Monday, 5 November 2012

Saturday, November 3/2012

To our Starbucks office in the morning for filter coffees and internet. J with the Saturday Guardian and I with the Playbook, on which I download a London map. Not everyone buys as much as a filter coffee. The man at the little table next to us has no coffee at all but is sustained by a packet of chocolate covered digestive biscuits - currently on special offer next door at Sainsbury's for  £1.

In the afternoon we go down to Regent Street to see the cars on exhibit before tomorrow's annual London to Brighton car run. They're wonderful - dating from the earliest years of the 20th century (all before 1905). Brass headlamps gleaming like little hurricane lanterns and old-fashioned bicycle style horns. Most of them are open-topped and all of them full of personality - many with names like Annabel and Edwin. Some are accompanied by drivers in period costume and a woman in an old style scarf-tied motoring hat retrieves some food from a wicker basket fixed to the side of her car. Most seem to be two cylinder; sometimes, astonishingly, only one. Six point five is a typical horsepower.

Back up to Oxford Street to take the tube to Camden Town. On the pavement a large sign proclaims that America is Ending - according to God. No shortage of apocalyptic vision here and plenty of people to receive it - almost too crowded to walk. As it is on Camden High Street, though it's a little less crazy  heading down to Lidl and the charity shops than following the young people in the other direction, toward Camden Market.

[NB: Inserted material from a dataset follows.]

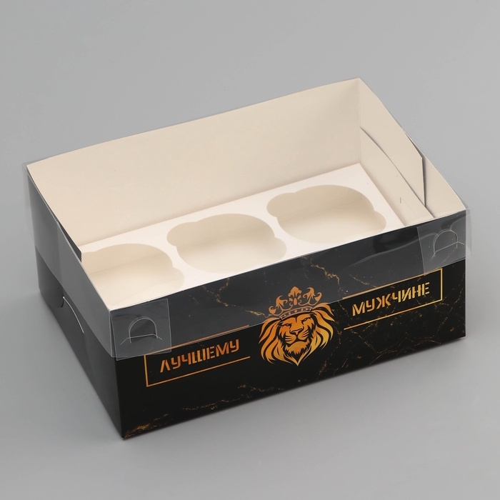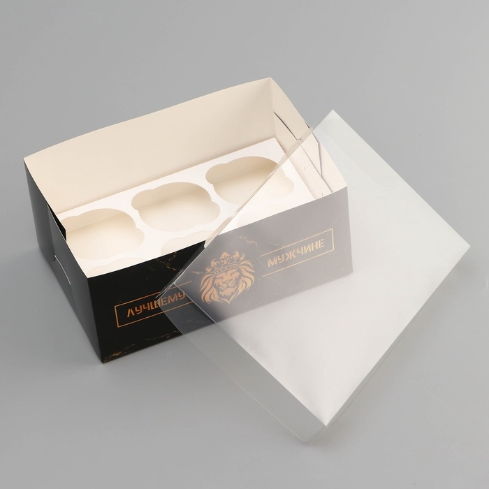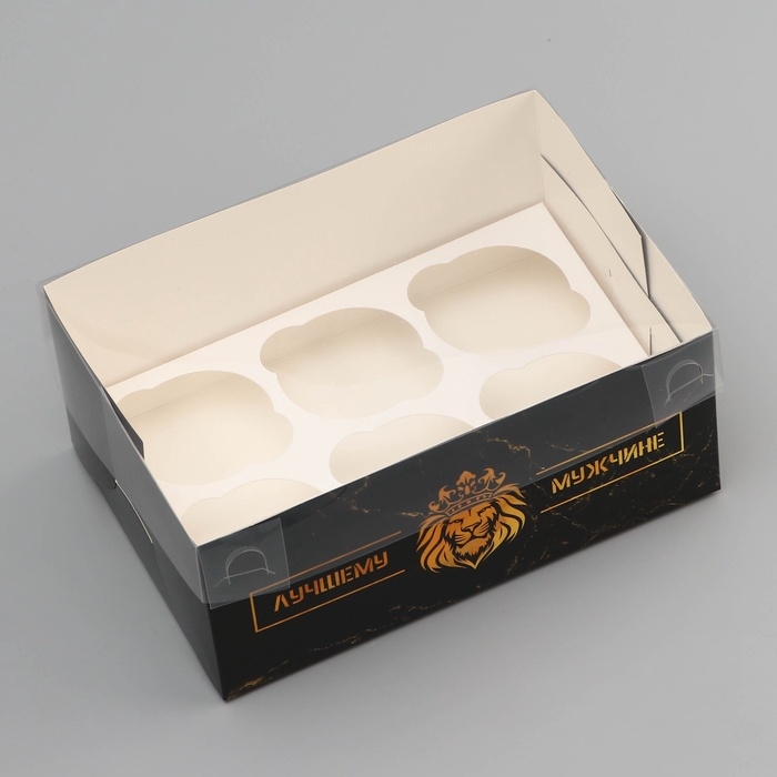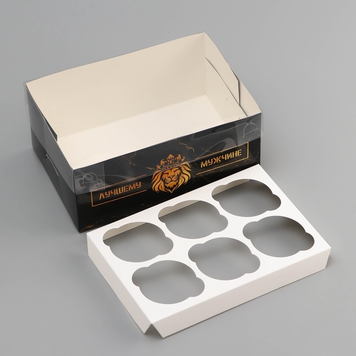 Коробка для 6 капкейков с прозрачной крышкой, "Лучшему мужчине", 23 × 16 × 10 см, кондитерская упаковка

A bus from Camden High Street to Kilburn High Road and an early meal at Roses. We've gone intending to have fish and chips, which are always excellent here, with golden breaded fillets extending over the rim of generously sized plates. But when we sit down, the man at the next table is being served a succulent lamb kleftiko and J can't resist ordering the same. So I go with the fish and chips and we share both dishes. Two veg and roast potatoes with the lamb, and nothing that has seen the inside of a freezer. We share a portion of cheesecake for dessert for a total of  £13 (€16 or $20.50 CAD - Canadians note that includes tax). Roses has quite a varied menu, most of which they can produce on any given occasion, and their dinners would feed two people of modest appetite. IJ once sent his compliments to the chef, who had cooked perfectly an enormous fish fillet of varying thickness.

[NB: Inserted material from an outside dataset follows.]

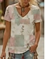 Mulheres Normal Camiseta Patchwork Imprimir Gráfico Xadrez Tribal Vintage Moda Ocidental Manga Curta Decote V Tops regulares Diário Férias Para Noite Rosa empoeirada Todas as Estações

 Midway between Hallowe'en and Guy Fawkes Day and costume occasionally evident: a young woman on the tube in pink dress with full skirt and ballet shoes with platform soles and pink-streaked hair, as well as a man in red cape on the street corner waving his sword.

Home in time for special TV programs celebrating the life and work of Eric Sykes. Though I loved watching his comedies in the 60's (black and white), I'm ashamed to realise that he ony died this year and not long ago - aged 89 and performing almost to the end despite profound deafness and, in the end, complete blindness. A master of facial expression and timing and his work as impressive now as it was sixty years ago - the writing as timeless as the acting. The last film in which he appeared was, to the delight of his grandchildren, one of the Harry Potters.